Rwanda’s National Forest Policy, initiated in 2004 and updated in 2010, has won the 2011 Future Policy Award as the world’s most inspiring and innovative forest policy.The announcement was made yesterday by the World Future Council (WFC) at the United Nations Headquarters in New York.
The policy emerged top of the three winning policies which most effectively contribute to the conservation and sustainable development of forests for the benefit of current and future generations.
Announcing the award, Alexandra Wandel, the Director of the World Future Council, an international policy research organisation that provides decision-makers with effective policy solutions, commended Rwanda for its visionary policies.
“Exemplary policy solutions do exist. The Future Policy Award celebrates the best of them. The aim of the award is to raise global awareness for these policies and speed up policy action,” Wandel said.
“We need visionary policies which support a sustainable and just world and protect future generations,” she said

The 2011 Future Policy Award shines a spotlight on the success stories and challenges faced by the world’s forests and the people who depend on them.
The Minister of Environment and Natural Resources, Stanislas Kamanzi, said that the award only encourages the government to do more.

“Rwanda is delighted and appreciative of being the 2011 Future Policy Award winner. This comes as a very encouraging recognition of our national efforts to be part of the global endeavour to sustainably manage our environment and natural resources, ….including through adequate forestry development policies and actions,” Kamanzi said.
“It is equally a renewed and humbling challenge for each Rwandan to consolidate our achievements and to take that to an even superior level”.
The Director General of Rwanda Environment Management Authority (REMA), Dr. Rose Mukankomeje, attributed the award to a number of policies the government has put in place, all aimed at conserving the environment.
“This award recognises our forestry policy but if you look deeply, it also considers other policies the government has put in place including the banning of plastic bags and others, all of which are aimed at conserving the environment,” she said.

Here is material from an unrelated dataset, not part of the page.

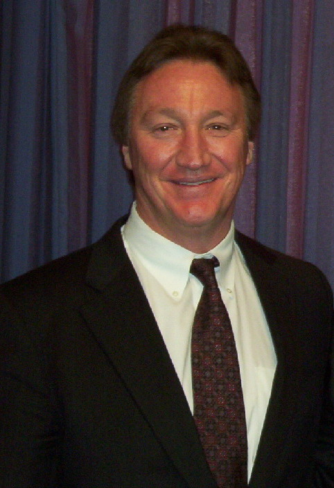 Rep. Devin Nunes meets with Fresno Mayor Autry (Jan. 2003)

Prof. Wangari Maathai, the Kenyan Nobel Peace Prize Laureate, and Founder of the Green Belt Movement, said that Rwanda had laid out not only impressive polices on the environment, but also women empowerment and health.

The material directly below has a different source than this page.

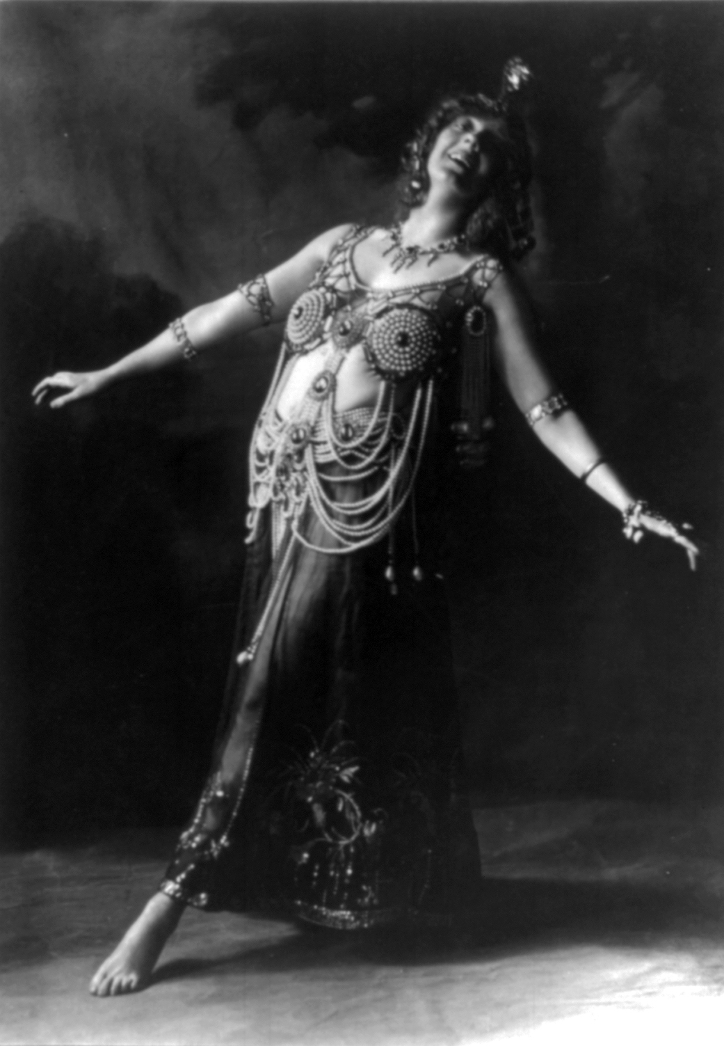 Gertrude Hoffman scantily-dressed for her role in the opera Salome.

“Rwanda has sought not only to make its forests a national priority, but has also used them as a platform to revolutionise its stances on women’s rights and creating a healthy environment,” she said.

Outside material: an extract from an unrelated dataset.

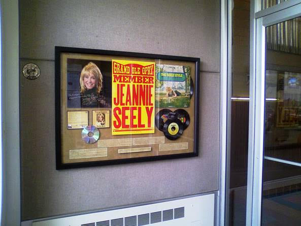 A display inside of the original Titusville Trust Company building, demonstrating the work of country artist Jeannie Seely. Seely had once been employer at the original company before moving to Nashville, Tennessee (2010s)

The award was based on the fact that despite continuing population and land pressures, Rwanda is on course to reach its goal of increasing forest cover to 30 percent of total land area thus achieving a major reversal in the trend of declining forest cover.
Forest cover has already increased by 37 percent since 1990. Massive reforestation and planting activities that promoted indigenous species and involved the local population were undertaken, and new measures such as agro-forestry and education about forest management were implemented.
Rwanda has also been a pioneer in banning plastic bags: in 2008 a bill was introduced to prohibit the manufacture, import, use and sale of polythene bags in the country.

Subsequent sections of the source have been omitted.